At the same time though, Rousseff’s visit to Washington is not necessarily about economics and trade directly. Even though, according to Hakim, Brazil is only “2% of the US trade relationship,” it’s unclear how much progress can be made in building integration between the two countries. As Spektor pointed out, a free trade agreement with the US would be almost impossible under Brazil’s fractured and polarized congress. “When it comes to free trade,” he said, “the Brazilian government is very much a house divided.” According to Fellet, almost nothing from this visit, regardless of specifics, would be able to get through the Brazilian congress.

As such, expectations for specific policy accomplishments from the trip should be restrained. There is a chance that the Obama administration will be able to broker an agreement on climate change in anticipation of the Paris COP21 conference, but Spektor expected any deal to be less impressive than the deals the US struck with China and India in the past year. Moreover, according to Spektor, “Brazil is not a major player” in international climate change negotiations. Fellet also expected the trip could yield incremental progress on narrower trade issues, including lifting US restrictions on Brazilian beef and opening up trade on narrow baskets of goods, such as machinery and construction materials.

There was also hope that diplomatic progress in the bilateral relationship between the US and Brazil could lead to a more assertive regional reaction to the situation in Venezuela. Yet it is also unclear how much flexibility there really is on the issue. On one hand, the ongoing transitions in Venezuela—as well as those in Argentina—have made Brazil’s regional integration strategy through Mercosur seem less viable. Therefore, Brazil may be more willing to criticize the Maduro regime than it has been in the past. At the same time, according to Spektor, Venezuela is “a matter of domestic politics” in Brazil, similar to the issue of Iran in the United States. This ties Rousseff’s hands politically.
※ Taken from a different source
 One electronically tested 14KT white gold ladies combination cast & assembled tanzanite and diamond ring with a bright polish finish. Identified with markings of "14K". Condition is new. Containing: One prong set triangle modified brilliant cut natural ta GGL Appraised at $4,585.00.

It’s also “not at all clear that Brazil has the policy tools” to influence the Venezuelan government, especially if any pressure is seen as indirectly originating from the United States. As a result, Michael Shifter, the moderator and president of the Dialogue, suggested that a combination of UNASUR and European Parliament election observers could walk a middle line in protecting democracy in Venezuela, should Brazil push for them. Spektor agreed and even expected that an announcement of such an effort could come in the near future.
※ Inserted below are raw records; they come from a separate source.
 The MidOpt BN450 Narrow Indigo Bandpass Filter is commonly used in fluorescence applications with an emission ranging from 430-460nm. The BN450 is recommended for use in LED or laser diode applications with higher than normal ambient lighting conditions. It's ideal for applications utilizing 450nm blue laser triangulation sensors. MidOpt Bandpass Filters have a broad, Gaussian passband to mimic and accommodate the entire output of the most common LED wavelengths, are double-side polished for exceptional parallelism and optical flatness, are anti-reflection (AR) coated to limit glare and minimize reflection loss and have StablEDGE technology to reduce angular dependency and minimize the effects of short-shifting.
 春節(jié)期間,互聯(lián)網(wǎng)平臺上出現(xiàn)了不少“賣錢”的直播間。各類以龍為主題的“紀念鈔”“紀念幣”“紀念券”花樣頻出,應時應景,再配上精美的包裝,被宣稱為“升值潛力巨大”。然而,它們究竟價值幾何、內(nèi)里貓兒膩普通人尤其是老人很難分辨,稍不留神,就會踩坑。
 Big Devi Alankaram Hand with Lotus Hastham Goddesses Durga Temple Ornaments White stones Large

Above all though, the truth is that Rousseff’s trip to Washington, while technically a working visit, is really more about what Spektor called “atmospherics”—creating the image of healthy diplomacy. Most of all, Rousseff needs  to look presidential and rebuild Brazil’s reputation internationally in this moment of crisis. More specifically, according to Spektor, “this visit is about showing inside Brazil that the Snowden affair is over.” If that is all it accomplishes, then it can still be a success. The biggest indication of this fact is that, while the Obama administration originally offered later potential dates, the Brazilian government insisted that the visit be as soon as possible. However, it has still not put forward an agenda, even with barely a month left. Because of this, according to Hakim, we should stop talking about “deliverables” from this visit and instead think about how the meeting can contribute to a better political relationship between the US and Brazil in the future. This task is an essential one for both countries. On one hand, the Rousseff government cannot rebuild its stature at home and abroad without the image of a healthy partnership with the United States. On the other, the United States cannot implement its agenda in Latin America without, at least in some way, better coordinating with Brazil.